The role of women

The patriarchal family structure in Athens

Sophocles’ play Antigone explores the role of women as it relates to the patriarchal family structure in Ancient Greece. Historically, women (as well as slaves) in Ancient Greece around the 5th century BC (interestingly, with the emergence and development of democracy) were not allowed to participate in the political activities of the state. Their rights varied depending on their location and social position. In Athens, the largest Greek city-state, women’s lives largely revolved around the home, while men led mainly a society-oriented, public life.

The wealthier Athenian women oversaw the household, in which the slaves did the work. In the poorer families, they had to lend a hand themselves.
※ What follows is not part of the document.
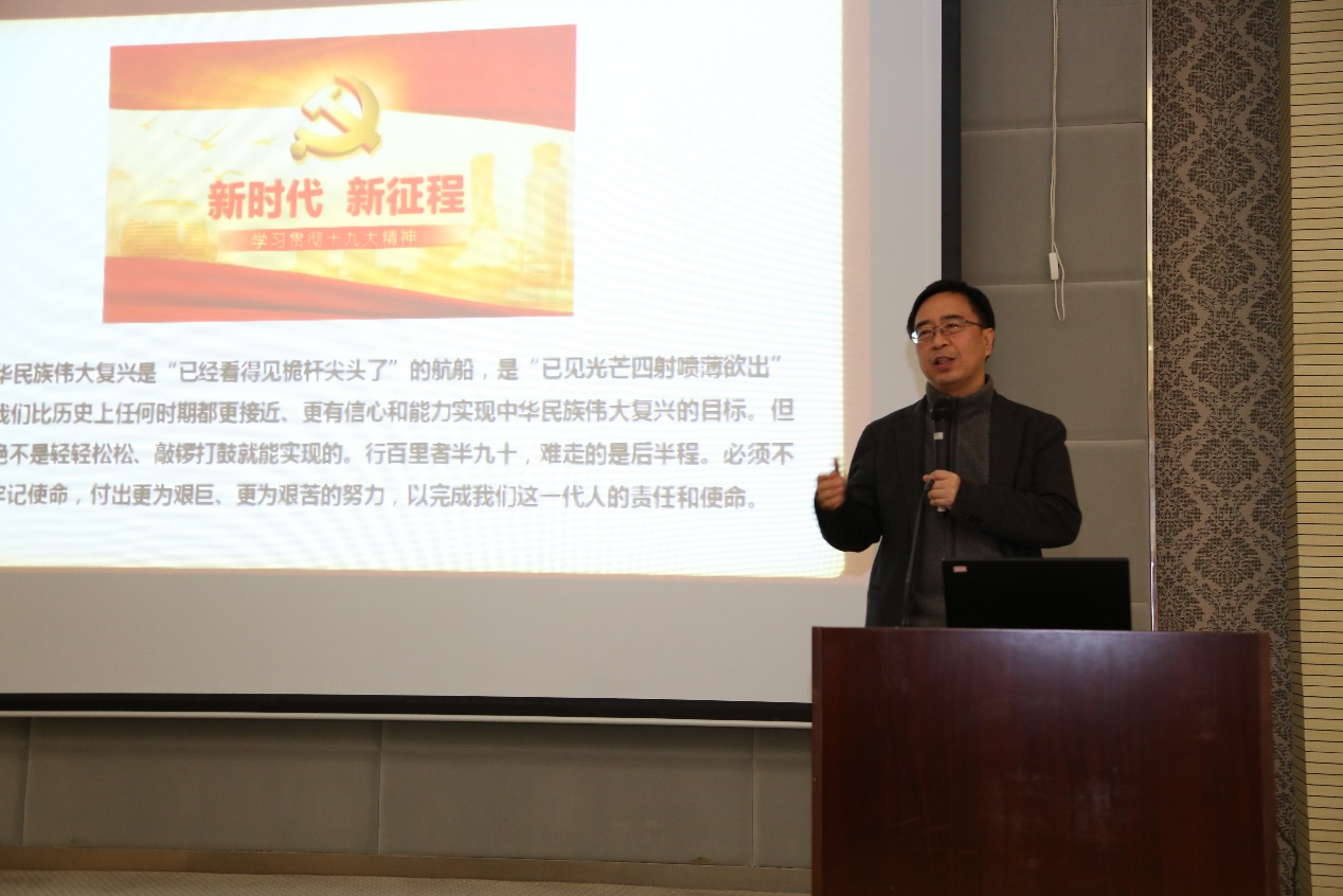 宣讲伊始,叶政博士以“中国特色社会主义新时代的深刻意蕴”为切入点,深入解读党的十九大精神。他指出,“经过长期努力,中国特色社会主义进入了新时代,这是我国发展新的历史方位”,党的十九大作出的这一重大政治论断,清晰地指出了党和国家事业所处的时代坐标,为明确下一阶段的历史任务、坚持和发展中国特色社会主义指明了方向。

What all women in Athens in Sophocles’ time had in common, however, was that they were granted a special area of the house on the upper floor, the so-called gynaikon. The countrywomen outside the city did not have this privilege. They had to carry out physically demanding work in the fields and farmlands daily.

In Athens, women could not inherit or own money and were usually married off at a young age, usually between thirteen and sixteen, to men who in some cases were much older. They were promised to them at an early age by their own fathers. This circumstance resulted from the household organization applicable to Greece at that time. The oikoi, which refers to the number of buildings, the people living in them, and the land they owned, had to be guaranteed their continued existence and the offspring had to be taken care of accordingly.

However, these oikoi were not allowed to expand at will because of the insufficiency of resources of the Greek lands. To control this, the head of the household regulated the “human goods”. He was in charge of women in particular, as well as of deciding whether a child should be recognized as legitimate or abandoned. The patriarchal structures characterize the cultural life of the ancient Greeks in Sophocles’ time.

Antigone’s rebellion

In Sophocles’ play Antigone, we find a typical distribution of gender roles ...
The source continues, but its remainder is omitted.